--- Provided material ---
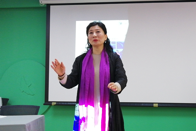 陳澄講述了淮劇的起源與發(fā)展,詳細(xì)介紹了南派、北派、東路、西路四個各具特色的淮劇流派。她言傳身教,用一段段經(jīng)典的作品選段來表現(xiàn)淮劇藝術(shù)百花齊放的聲腔特點,時而高亢,時而悲涼。陳澄用自己對淮劇的傳承、改革和創(chuàng)新的事跡勉勵大家,偉大的藝術(shù)來源于實踐,傳統(tǒng)藝術(shù)既需要繼承老一輩藝術(shù)家們留下來的文化底蘊,也需要足夠的精力去不斷地嘗試與革新,并以淮劇《小鎮(zhèn)》為例,講述戲劇所折射出的人生哲理及其教育意義,強調(diào)戲劇文化在弘揚社會主義核心價值觀、傳播中國傳統(tǒng)文化、堅定文化自信等方面的重要意義。講座最后,陳澄為大家表演精彩的淮劇選段,并與學(xué)生合影留念。
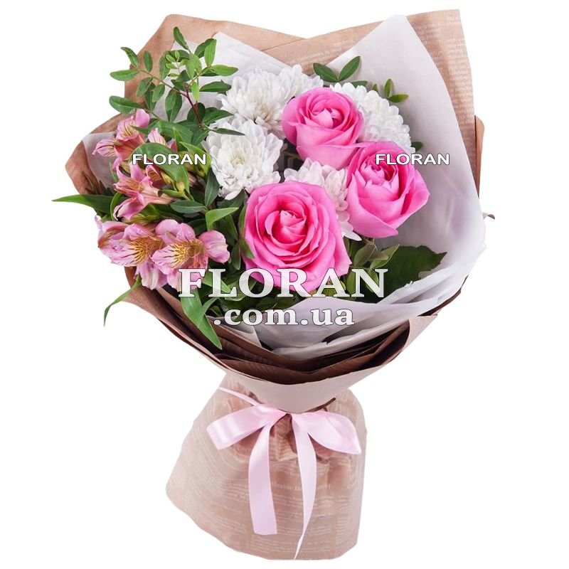 - 3 pink roses. Roses symbolize tenderness and beauty. Pink color adds romance and delicacy to the bouquet.
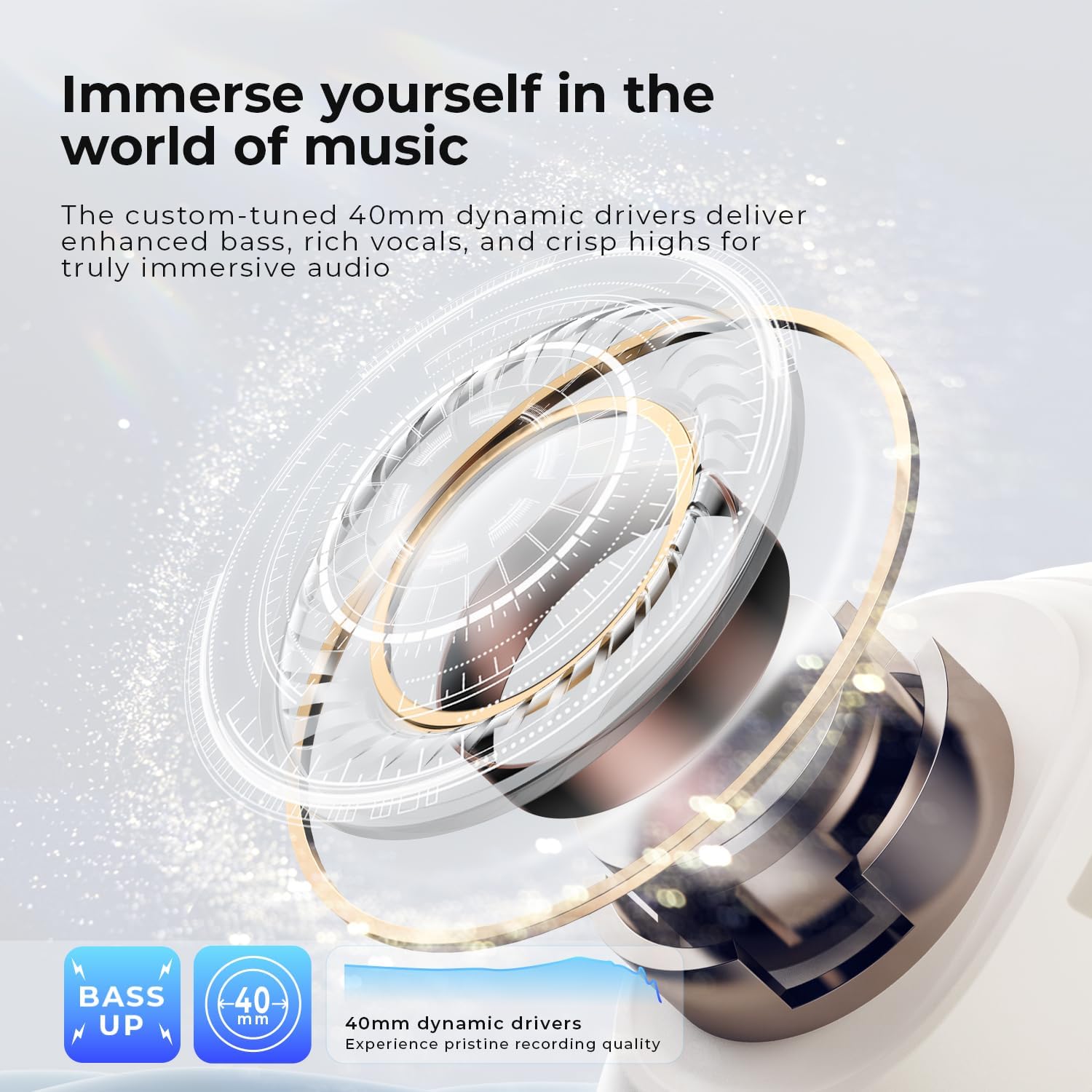 ✨ Lossless Clarity: These wireless headphones deliver thunderous bass, razor-sharp highs, and immersive detail through precision-tuned 40mm drivers. Surrender to Zero-Compression Audio, where BassUp technology and customizable EQ unlock every nuance from whispered lyrics to earth-shaking beats with studio-perfect accuracy
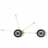 L'auto è realizzata in materiale plastico leggero e resistente, ideale per l'uso all'esterno. Il design semplice e le grandi ruote nere permettono una facile manovrabilità e forniscono un meccanismo di propulsione che è il cuore di questo dispositivo intelligente.

--- What is expected ---
Write the material out again exactly as it appears, dropping the pictures.

--- Reply to the exercise ---
 陳澄講述了淮劇的起源與發(fā)展,詳細(xì)介紹了南派、北派、東路、西路四個各具特色的淮劇流派。她言傳身教,用一段段經(jīng)典的作品選段來表現(xiàn)淮劇藝術(shù)百花齊放的聲腔特點,時而高亢,時而悲涼。陳澄用自己對淮劇的傳承、改革和創(chuàng)新的事跡勉勵大家,偉大的藝術(shù)來源于實踐,傳統(tǒng)藝術(shù)既需要繼承老一輩藝術(shù)家們留下來的文化底蘊,也需要足夠的精力去不斷地嘗試與革新,并以淮劇《小鎮(zhèn)》為例,講述戲劇所折射出的人生哲理及其教育意義,強調(diào)戲劇文化在弘揚社會主義核心價值觀、傳播中國傳統(tǒng)文化、堅定文化自信等方面的重要意義。講座最后,陳澄為大家表演精彩的淮劇選段,并與學(xué)生合影留念。
 - 3 pink roses. Roses symbolize tenderness and beauty. Pink color adds romance and delicacy to the bouquet.
 ✨ Lossless Clarity: These wireless headphones deliver thunderous bass, razor-sharp highs, and immersive detail through precision-tuned 40mm drivers. Surrender to Zero-Compression Audio, where BassUp technology and customizable EQ unlock every nuance from whispered lyrics to earth-shaking beats with studio-perfect accuracy
 L'auto è realizzata in materiale plastico leggero e resistente, ideale per l'uso all'esterno. Il design semplice e le grandi ruote nere permettono una facile manovrabilità e forniscono un meccanismo di propulsione che è il cuore di questo dispositivo intelligente.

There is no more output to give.